Have you noticed that more people are walking into open houses, businesses & stores with their emotional support animals . . . more commonly known as “therapy pets”? You may be surprised to learn that these animals are viewed as a “reasonable accommodation” under the Fair Housing Amendments Act of 1988 (FHA or FHAct) to those housing communities that have a “no pets” rule.
What is the Law Regarding “Therapy Pets”
In legal terms, an emotional support animal is not a pet. An emotional support animal is a companion animal that provides therapeutic benefit to an individual with a mental or psychiatric disability. The person seeking the emotional support animal must have a verifiable disability (the reason cannot just be a need for companionship). In other words, just as a wheelchair provides a person with a physical limitation the equal opportunity to use and enjoy a dwelling, an emotional support animal provides a person with a mental or psychiatric disability the same opportunity to live independently. Most times, an emotional support animal will be seen as a reasonable accommodation for a person with such a disability. Failure to make reasonable accommodations by changing rules or policies can be a violation of the FHA unless the accommodation would be an undue financial burden on the landlord or cause a fundamental alteration to the premises.

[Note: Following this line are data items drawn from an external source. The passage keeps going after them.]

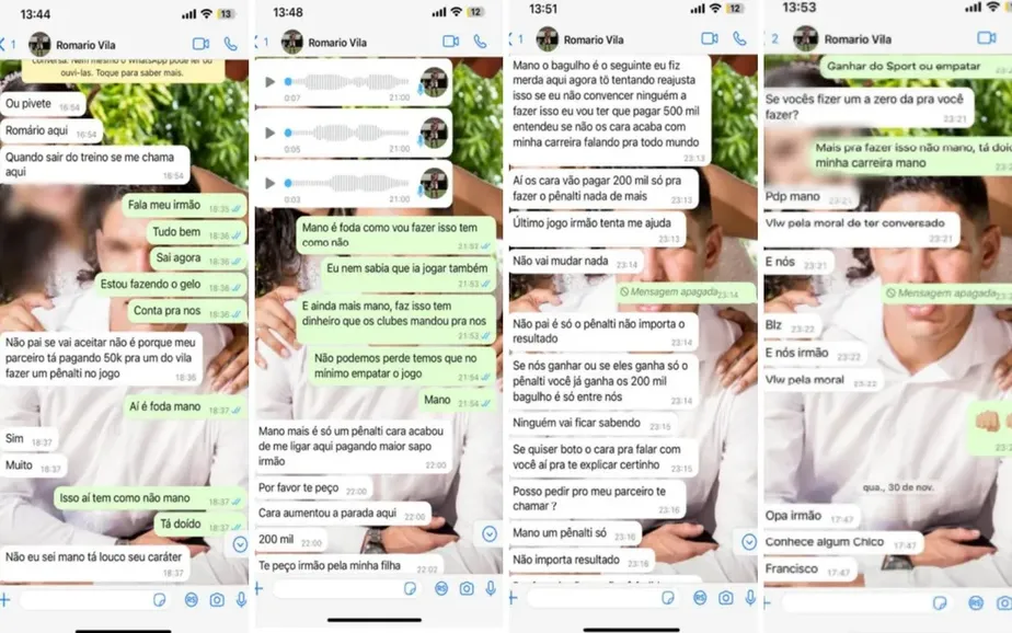 Um dos apostadores, identificado como VY, entrou em contato com Domingos, jogador do time goiano. Mensagens trocadas em 4 de novembro, revelam acordo para o meia cometer a penalidade no lugar de Romário. Nas conversas, ele afirma que fará e chega até a enviar dados para a transferência bancária.
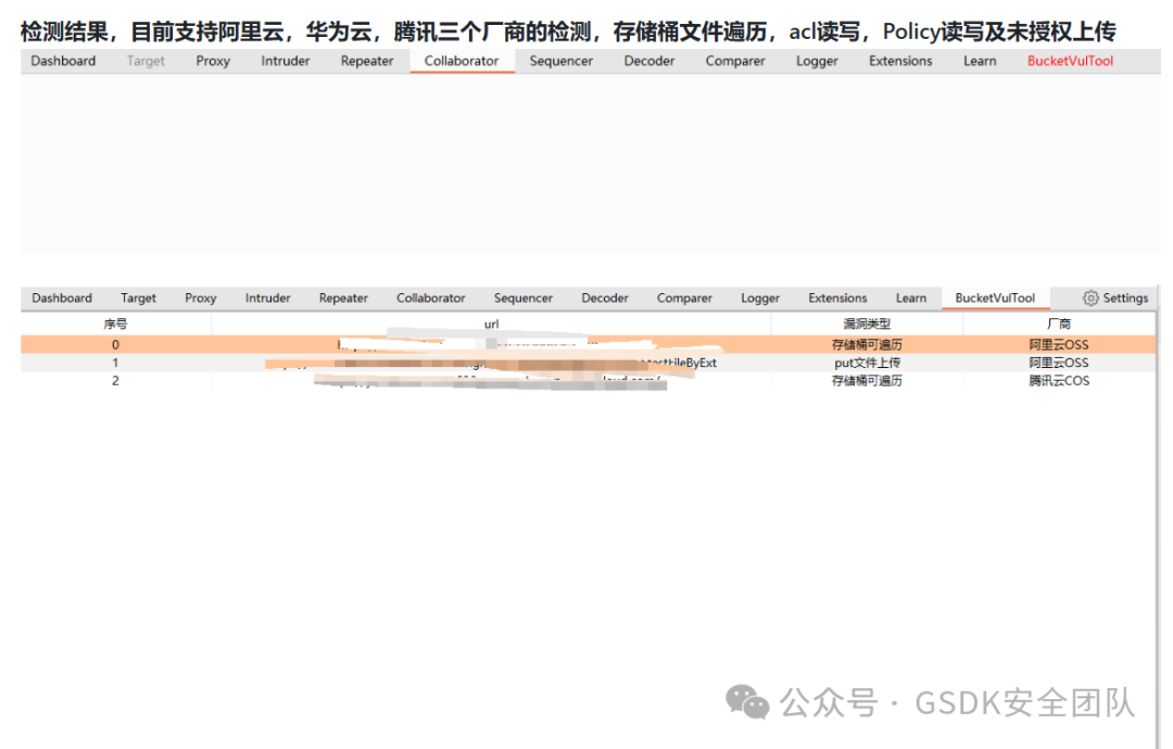Burpsuite存储桶配置不当漏洞检测插件。存储桶相关配置检测自动化,访问目标网站将会自动检测,如:访问的网站引用存储桶上的静态资源,就会触发检测逻辑,将指纹识别方式修改了下,通过server头及域名中的一个方式进行判断,另外由于敏感信息误报较多,已经取消了。
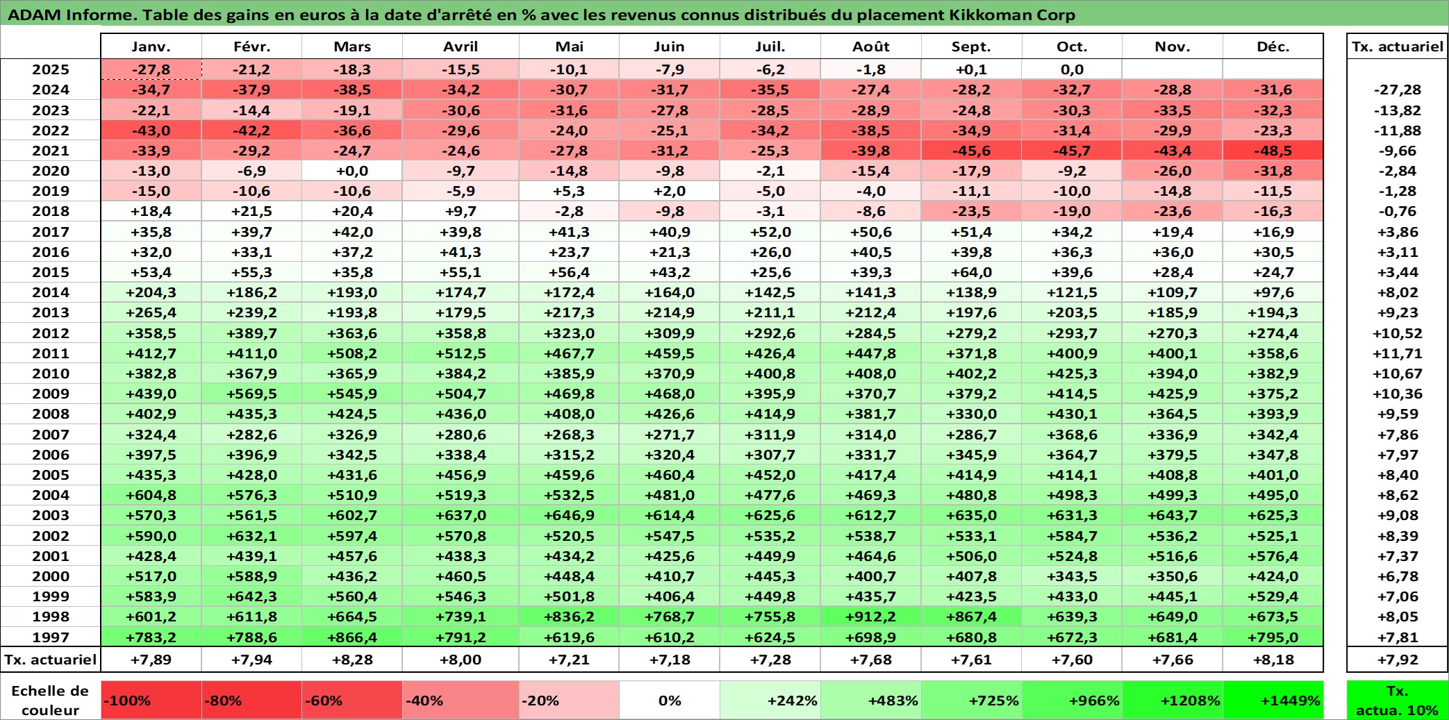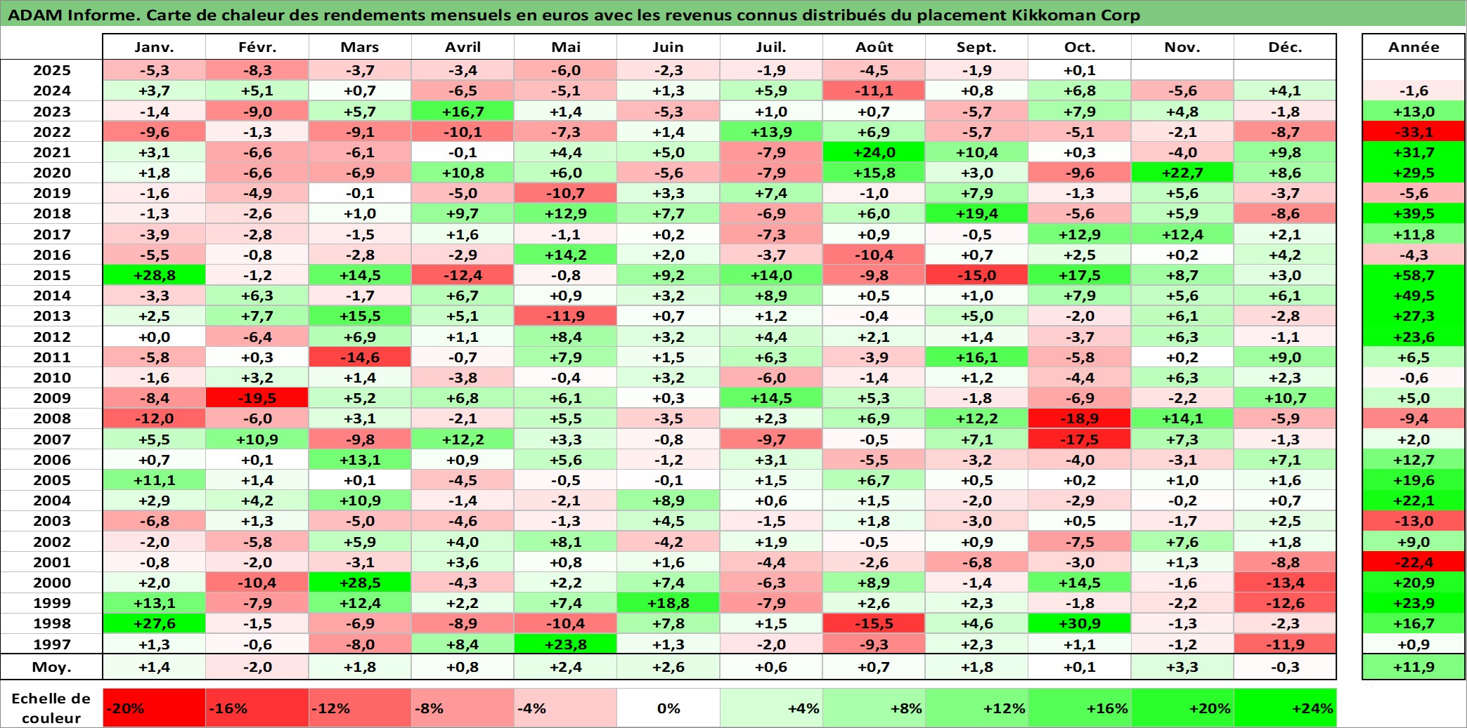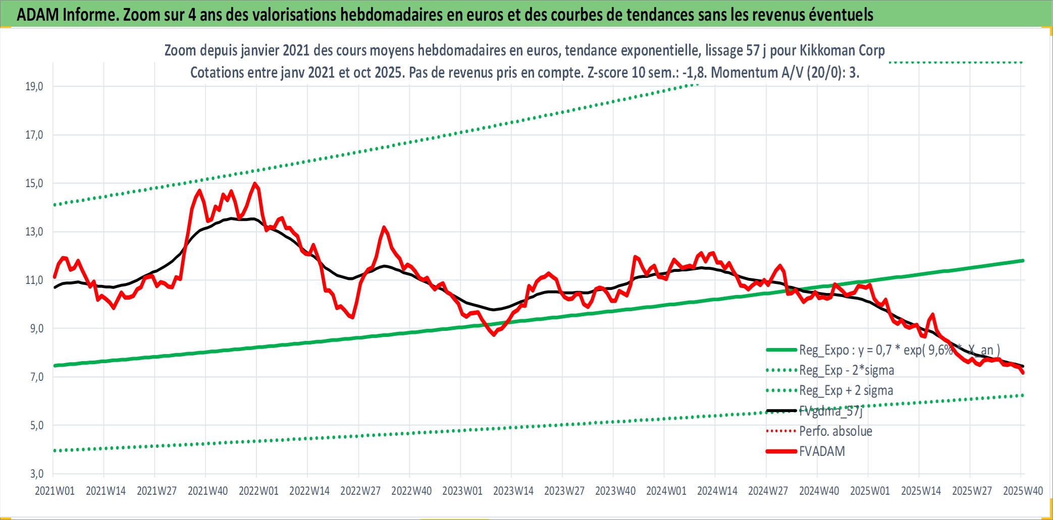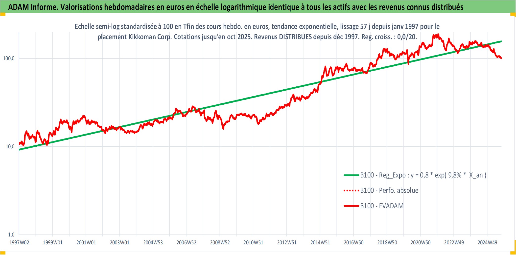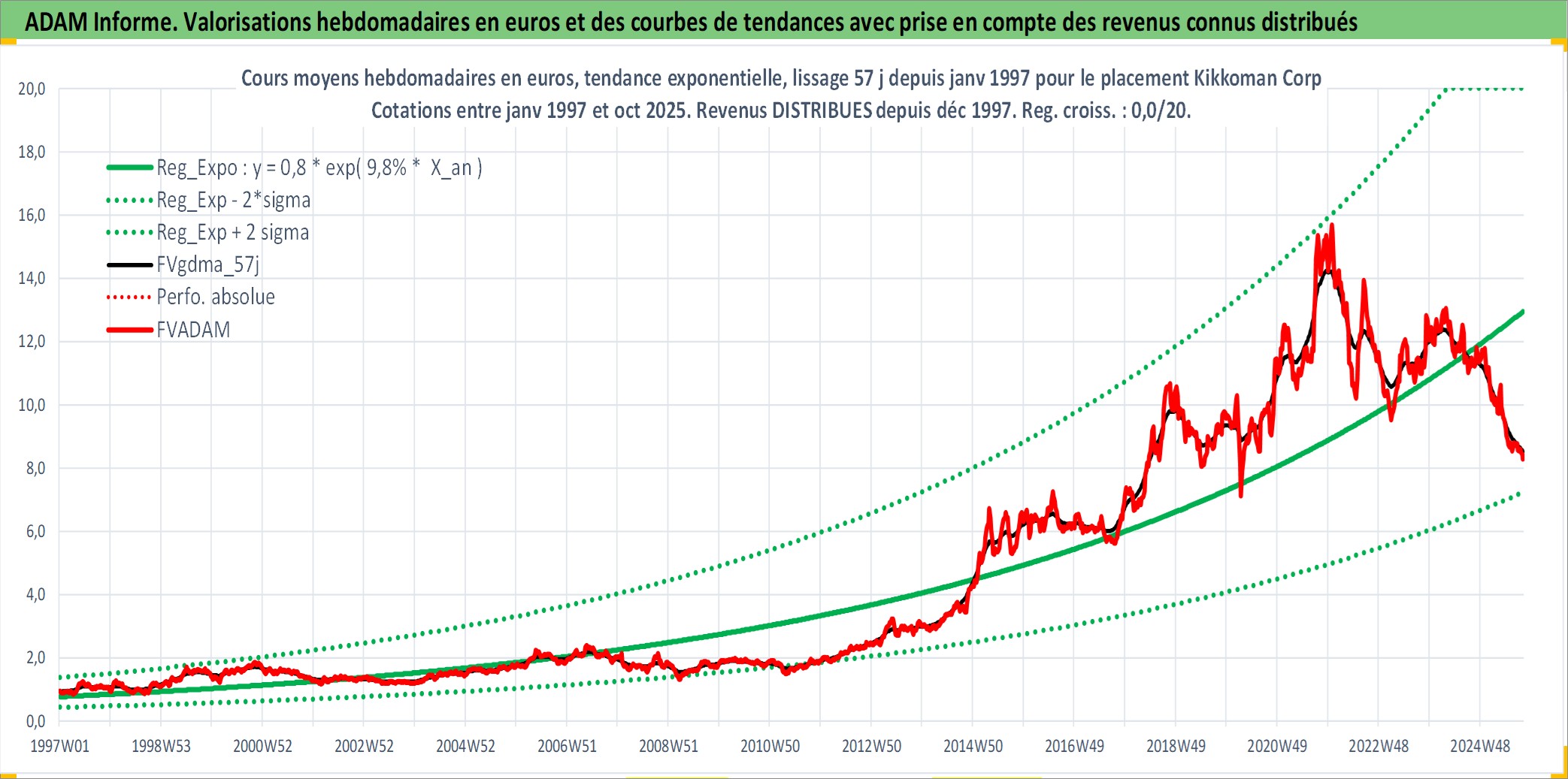 Site dédié aux investisseursPage dédiée sur site financeAnalyse des valorisations hebdomadaires de l'action Kikkoman Corp. Cet actif est cote en JPY. Les valorisations sont en contrevaleur EURO et couvrent les semaines 1997W01 a 2025W40. Les revenus de cet actif financier sont pris en compte depuis la semaine 1997W52. La note globale ESG de cet actif est estimee a 3.0 (apres rebasage entre 0 et 20).

The United States Department of Housing and Urban Development (HUD) uses the term “assistance animal” to cover any animal that works, provides assistance, or performs tasks for the benefit of a person with a disability, or provides emotional support that alleviates one or more identified symptoms or effects of a person’s disability. An emotional support animal is one type of assistance animal allowed as a reasonable accommodation to a residence with a “no pets” rule.
The Fair Housing Act (FHA) does apply to almost all housing types including those for sale or rent. This includes apartments, condominiums, and single family homes. There are some major exceptions, such as buildings with four or fewer units where the landlord lives in one of the units. The law also excludes private owners who do not own more than three single family homes, do not use real estate agents or brokers, and do not engage in discriminatory advertising practices. The FHA would then cover homes in a planned community with a “no pets” restriction, owned or rented condominiums with a “no pets” covenant, and apartments with a “no pets” clause in the lease. As long as those housing units do not fall within listed exceptions, landlords or housing associations must comply with the FHA.
Landlords may not charge a “pet fee” for an assistance animal/emotional support animal. These animals are not pets and cannot be subject to pet fees. If it is the policy of the landlord to charge tenants for damage to the tenant’s dwelling unit beyond reasonable wear and tear, then a housing provider may require a tenant to cover the costs for repairs due to damage by the tenant’s assistance animal.